===== Given records =====

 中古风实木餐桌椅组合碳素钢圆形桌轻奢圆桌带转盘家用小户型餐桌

=====
===== Given records =====

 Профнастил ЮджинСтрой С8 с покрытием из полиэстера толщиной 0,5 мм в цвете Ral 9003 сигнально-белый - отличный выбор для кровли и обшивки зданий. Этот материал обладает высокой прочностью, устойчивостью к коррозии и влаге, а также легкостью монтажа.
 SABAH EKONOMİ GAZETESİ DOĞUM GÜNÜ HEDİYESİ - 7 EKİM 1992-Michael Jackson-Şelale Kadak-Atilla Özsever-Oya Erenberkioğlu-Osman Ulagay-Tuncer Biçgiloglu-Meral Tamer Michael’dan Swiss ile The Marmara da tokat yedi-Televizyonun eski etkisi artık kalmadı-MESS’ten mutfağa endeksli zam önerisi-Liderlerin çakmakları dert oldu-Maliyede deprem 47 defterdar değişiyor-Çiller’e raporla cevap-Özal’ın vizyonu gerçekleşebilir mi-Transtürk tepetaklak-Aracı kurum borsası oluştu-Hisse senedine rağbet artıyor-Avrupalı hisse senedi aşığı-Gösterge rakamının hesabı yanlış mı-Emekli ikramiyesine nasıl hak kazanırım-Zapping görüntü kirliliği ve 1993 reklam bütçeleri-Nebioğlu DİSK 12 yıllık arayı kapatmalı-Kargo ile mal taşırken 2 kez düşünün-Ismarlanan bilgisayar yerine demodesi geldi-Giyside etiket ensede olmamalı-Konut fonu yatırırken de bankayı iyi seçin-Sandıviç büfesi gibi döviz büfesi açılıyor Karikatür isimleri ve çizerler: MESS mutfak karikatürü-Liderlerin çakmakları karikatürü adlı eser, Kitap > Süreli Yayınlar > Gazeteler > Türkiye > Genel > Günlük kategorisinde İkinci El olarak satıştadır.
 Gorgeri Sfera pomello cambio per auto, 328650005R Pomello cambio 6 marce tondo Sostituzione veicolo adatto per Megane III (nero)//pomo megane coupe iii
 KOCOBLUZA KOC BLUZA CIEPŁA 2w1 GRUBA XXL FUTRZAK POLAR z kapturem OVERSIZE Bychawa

=====
===== Given records =====

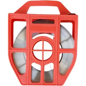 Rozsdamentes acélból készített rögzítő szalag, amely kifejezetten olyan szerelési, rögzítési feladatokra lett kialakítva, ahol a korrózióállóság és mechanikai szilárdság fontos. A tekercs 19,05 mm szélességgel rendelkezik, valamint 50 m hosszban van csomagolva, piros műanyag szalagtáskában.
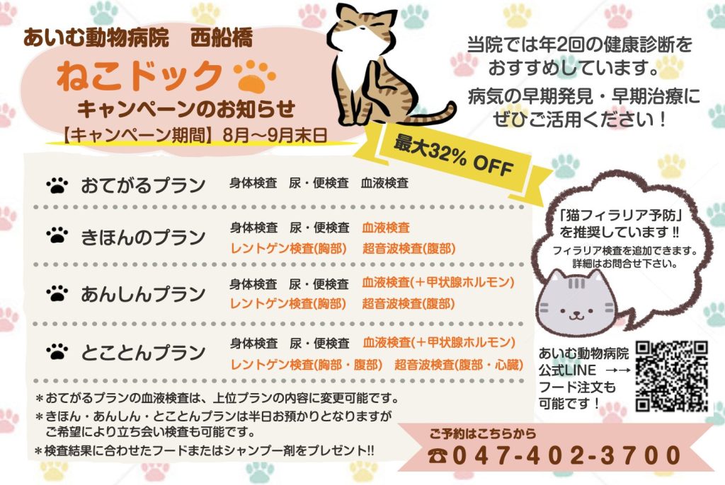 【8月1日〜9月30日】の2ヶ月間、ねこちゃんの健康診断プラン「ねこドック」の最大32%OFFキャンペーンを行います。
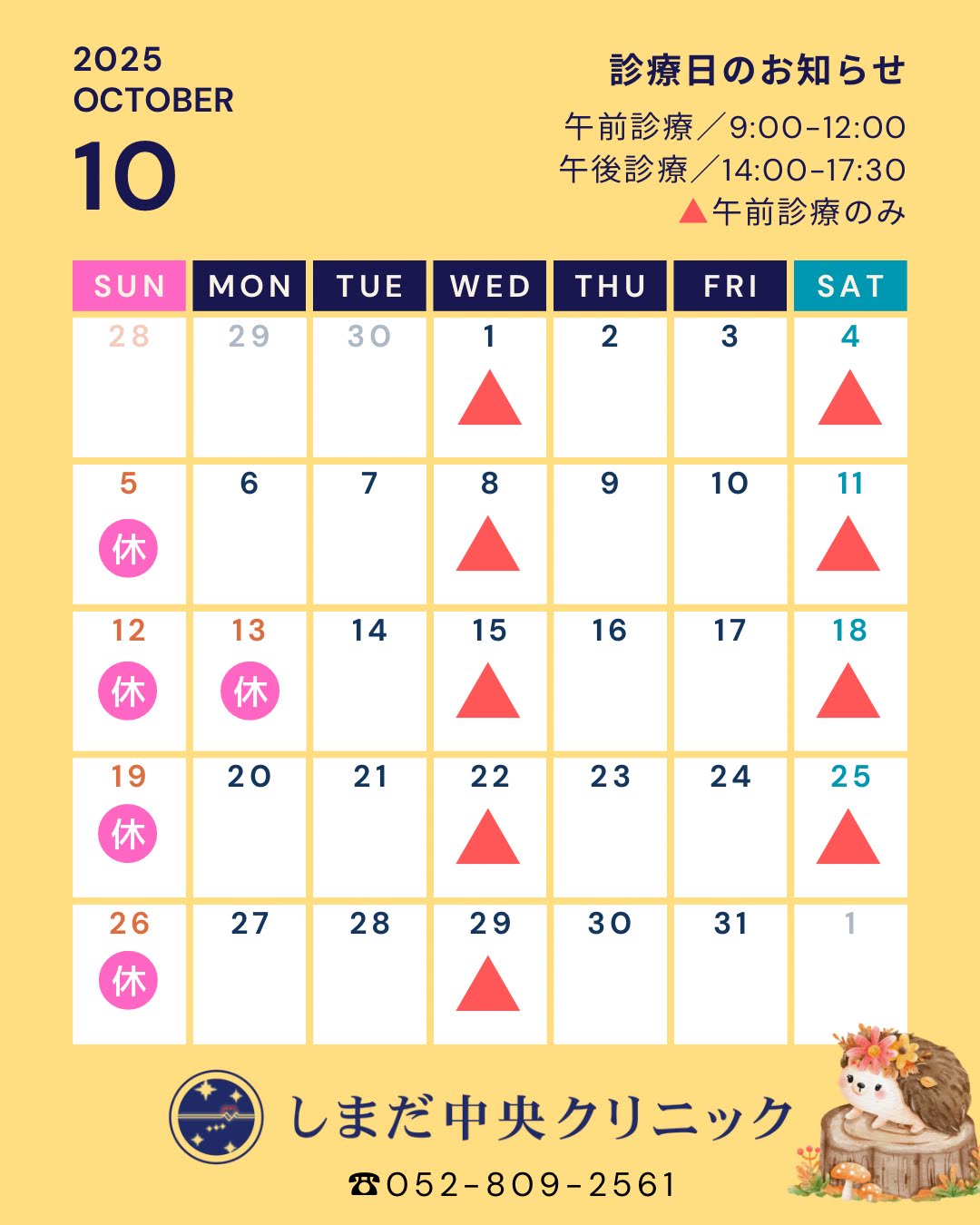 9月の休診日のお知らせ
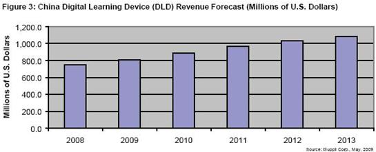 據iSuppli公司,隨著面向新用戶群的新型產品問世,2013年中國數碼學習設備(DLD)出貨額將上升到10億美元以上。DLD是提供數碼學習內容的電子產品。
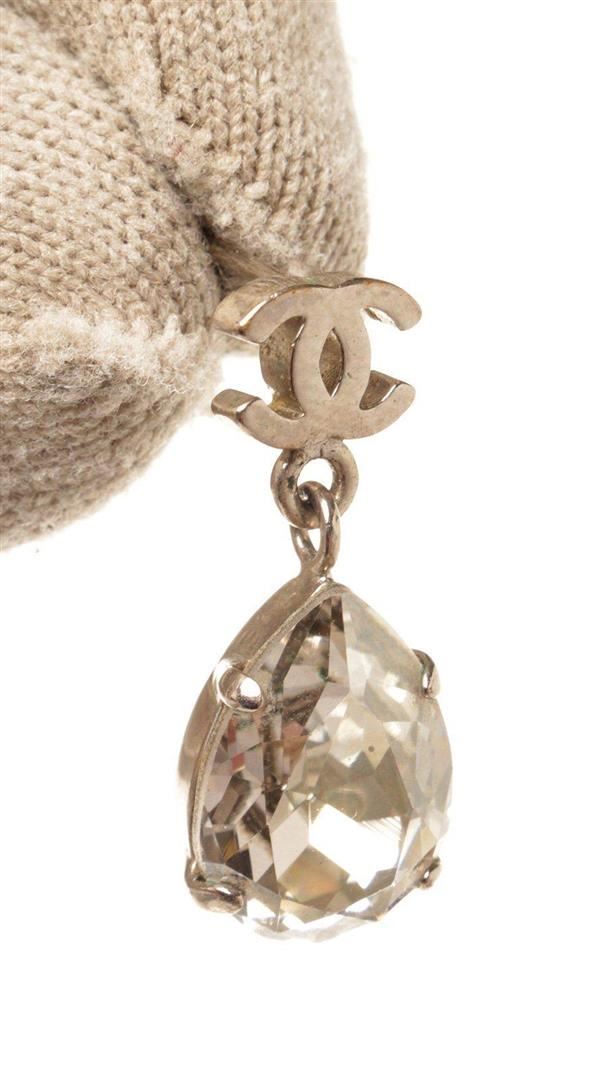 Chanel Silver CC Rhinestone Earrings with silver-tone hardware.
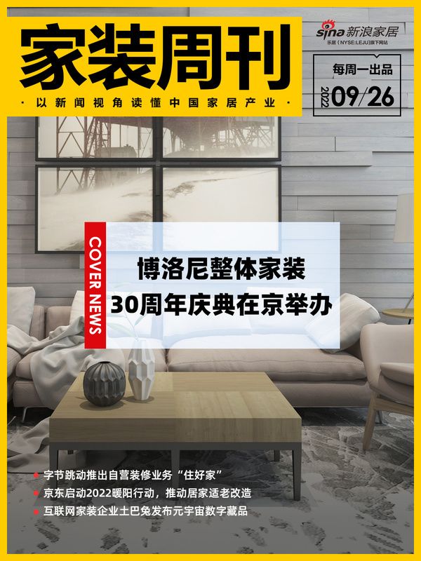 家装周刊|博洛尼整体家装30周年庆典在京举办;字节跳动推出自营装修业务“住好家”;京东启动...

=====

▸ **Task requirements**
Only one stretch of the entries above is needed: the lines from the one containing "Chanel Silver CC" through the one containing "家装周刊|博洛尼整体家装30". Copy it exactly, without the pictures.

▸ **Solution to this problem**
 Chanel Silver CC Rhinestone Earrings with silver-tone hardware.
 家装周刊|博洛尼整体家装30周年庆典在京举办;字节跳动推出自营装修业务“住好家”;京东启动...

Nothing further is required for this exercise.